### Problem details:
Wherever pictures occur in the entries below, leave them out and retype the rest exactly.

━━━━━━━━

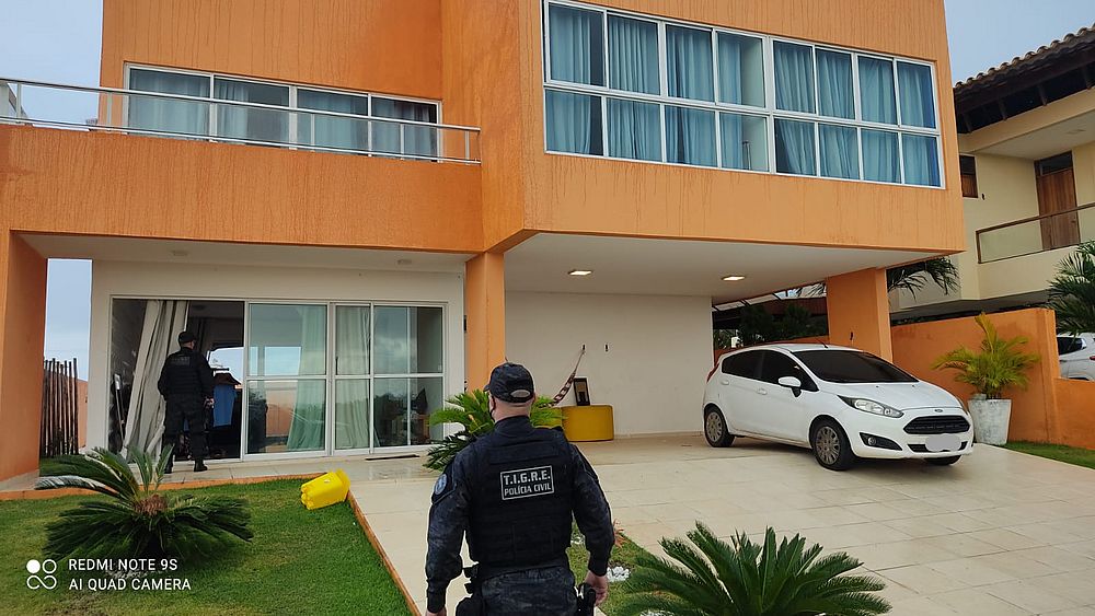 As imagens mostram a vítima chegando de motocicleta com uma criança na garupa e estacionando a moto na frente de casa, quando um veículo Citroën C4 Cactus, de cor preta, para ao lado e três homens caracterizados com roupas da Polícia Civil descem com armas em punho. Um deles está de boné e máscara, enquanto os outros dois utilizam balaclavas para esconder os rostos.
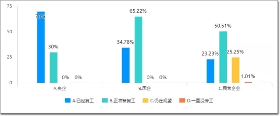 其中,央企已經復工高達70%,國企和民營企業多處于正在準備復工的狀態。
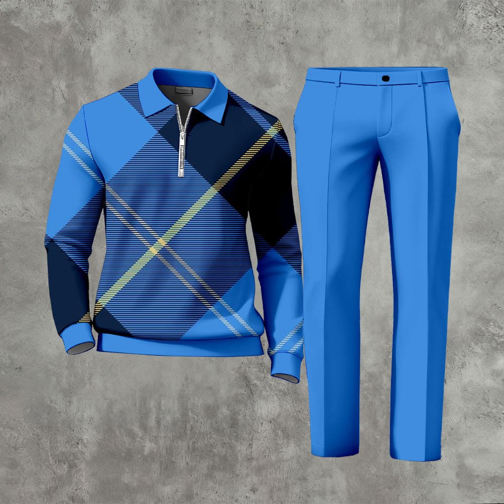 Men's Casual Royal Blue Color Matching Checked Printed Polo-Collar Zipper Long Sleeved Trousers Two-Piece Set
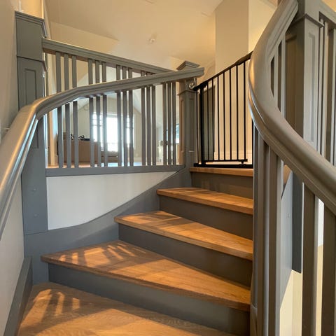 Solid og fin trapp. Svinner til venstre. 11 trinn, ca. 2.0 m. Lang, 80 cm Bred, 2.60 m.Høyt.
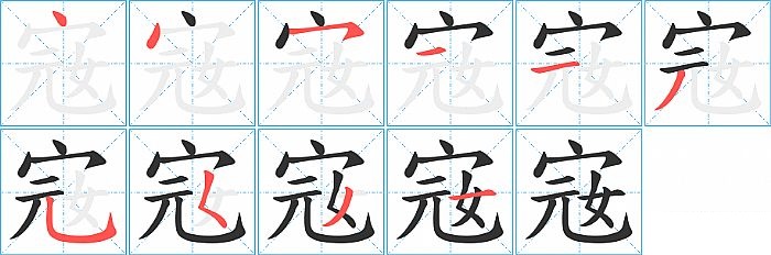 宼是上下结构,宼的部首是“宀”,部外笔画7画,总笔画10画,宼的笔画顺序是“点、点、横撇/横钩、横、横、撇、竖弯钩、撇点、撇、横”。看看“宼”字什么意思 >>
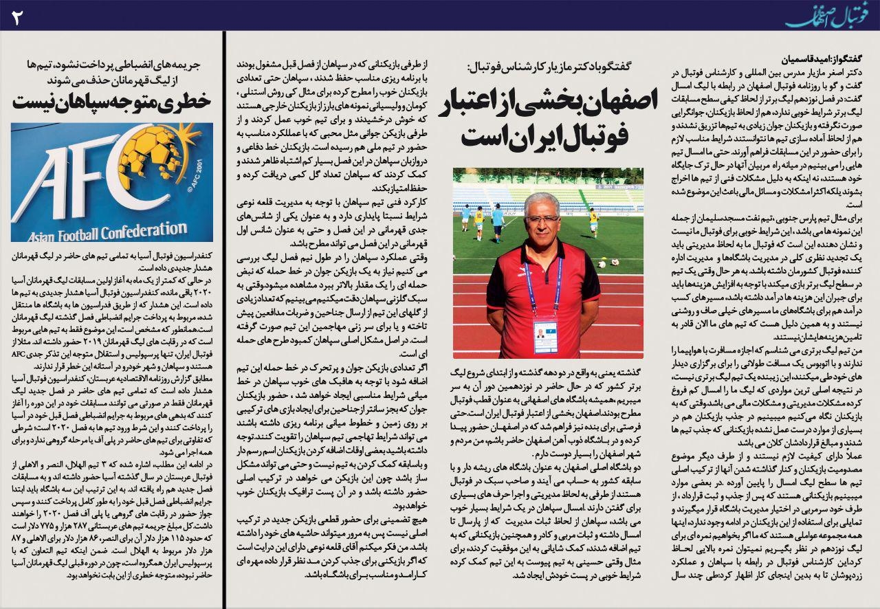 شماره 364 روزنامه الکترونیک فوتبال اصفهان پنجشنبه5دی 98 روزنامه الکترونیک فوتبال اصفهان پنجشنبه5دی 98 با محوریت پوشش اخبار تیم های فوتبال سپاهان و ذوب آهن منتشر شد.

━━━━━━━━

### Response area:
 As imagens mostram a vítima chegando de motocicleta com uma criança na garupa e estacionando a moto na frente de casa, quando um veículo Citroën C4 Cactus, de cor preta, para ao lado e três homens caracterizados com roupas da Polícia Civil descem com armas em punho. Um deles está de boné e máscara, enquanto os outros dois utilizam balaclavas para esconder os rostos.
 其中,央企已經復工高達70%,國企和民營企業多處于正在準備復工的狀態。
 Men's Casual Royal Blue Color Matching Checked Printed Polo-Collar Zipper Long Sleeved Trousers Two-Piece Set
 Solid og fin trapp. Svinner til venstre. 11 trinn, ca. 2.0 m. Lang, 80 cm Bred, 2.60 m.Høyt.
 宼是上下结构,宼的部首是“宀”,部外笔画7画,总笔画10画,宼的笔画顺序是“点、点、横撇/横钩、横、横、撇、竖弯钩、撇点、撇、横”。看看“宼”字什么意思 >>
 شماره 364 روزنامه الکترونیک فوتبال اصفهان پنجشنبه5دی 98 روزنامه الکترونیک فوتبال اصفهان پنجشنبه5دی 98 با محوریت پوشش اخبار تیم های فوتبال سپاهان و ذوب آهن منتشر شد.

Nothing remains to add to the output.